(HOST)The pumpkin has just been designated New Hampshire’s state fruit, and that’s reminded commentator Vic Henningsen of the time when the United States Supreme Court did a little cultivation in the vegetable patch.
(HENNINGSEN) Few of us are familiar with the case of Nix v. Hedden, decided on this date back in 1893, but we should be.
It concerns the humble tomato.
By nature and by definition, tomatoes are fruit. But, by usage, they’re commonly regarded as vegetables. Like many things
in life, the technical and the everyday understanding of tomatoes co-existed happily for years before the highest court in the land intervened. Not surprisingly, it involved money.

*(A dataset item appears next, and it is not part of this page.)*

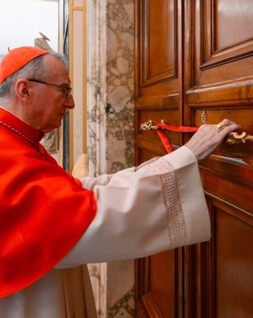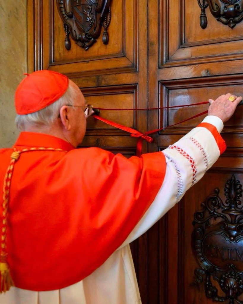 Therefore, in order to avoid fraud and manipulation of papal documents of the previous Pope, and to prevent release of items that can only be done by the new Pope, the Pope’s Apartment is sealed, by a special officer of the Roman Curia, that is the Camerlengo (Chamberlain) of the Holy Roman Church, who is now Cardinal Kevin Farrell, who is also the Prefect of the Dicastery for the Laity, Family and Life.

The Nix brothers were grocers who sued a government customs official in federal district court because their imported tomatoes were taxed as vegetables instead of being admitted as fruit,
which came in free.
Arguing that tomatoes were fruit, the Nixes cited a variety of dictionaries, each of which defined fruit as the edible part of
a plant consisting of the seeds and pulpy surrounding tissues. Like…a tomato. Expert witnesses testified that the meanings of the words “fruit” and “vegetable” in trade and commerce did not differ from the dictionary definitions.

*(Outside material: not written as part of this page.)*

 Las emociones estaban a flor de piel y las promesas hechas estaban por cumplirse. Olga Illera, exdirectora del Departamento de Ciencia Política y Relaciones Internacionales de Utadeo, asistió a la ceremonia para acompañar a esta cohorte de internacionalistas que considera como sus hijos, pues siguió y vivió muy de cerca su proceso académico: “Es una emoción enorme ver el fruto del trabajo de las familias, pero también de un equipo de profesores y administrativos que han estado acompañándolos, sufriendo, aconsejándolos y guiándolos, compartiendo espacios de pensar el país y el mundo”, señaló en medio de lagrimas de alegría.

The district court found for the Nix brothers. Tomatoes are fruit. Why quarrel with Webster’s Dictionary?
Why not quarrel with Webster said the Supreme Court of the United States, as it overruled the lower court. Tomatoes are vegetables!
Writing for the majority, Justice Horace Gray stated that dictionaries are not evidence, but function only as aids to memory and understanding. And sometimes the ordinary meaning of words differs from their dictionary definition. Yes, he admitted, “botani-
cally speaking, tomatoes are the fruit of a vine.” But in the common language and common practice of the people, he continued, they’re vegetables: they’re grown with vegetables and are “usually served at dinner in, with, or after…the principal part of the repast, and not, like fruits generally, as dessert.” Popular understanding, in other words, overruled scientific truth.
Justice Gray went on to note the troubling similarity between this case and a recent attempt to beat the import tax by convincing the Supreme Court that beans weren’t vegetables, but seeds. “Beyond common knowledge” said the exasperated justices, “very little evidence is necessary,” apparently attempting to nip this disturbing trend of litigation in the bud.
Although this is one of the court’s odder decisions, it shows the lengths people will go to when money is involved. And it reflects the truth of Chief Justice Charles Evans Hughes’s famous remark: “The Constitution is what the Supreme Court says it is.” Apparently, so is the tomato.
But the controversy continues. In 1982, Ronald Reagan proclaimed tomato ketchup a vegetable. Under Governor Bill Clinton, Arkansas decided to have it both ways in 1987, declaring the tomato its state vegetable and state fruit. In 2003 Tennessee boldly designated the tomato its state fruit. Ohio may soon follow.
Vermont can reverse this trend: in 1999 – on May 10th, as it happens – the legislature declared the apple our state fruit.
There’s still an opening for state vegetable.
Vic Henningsen is a teacher and historian.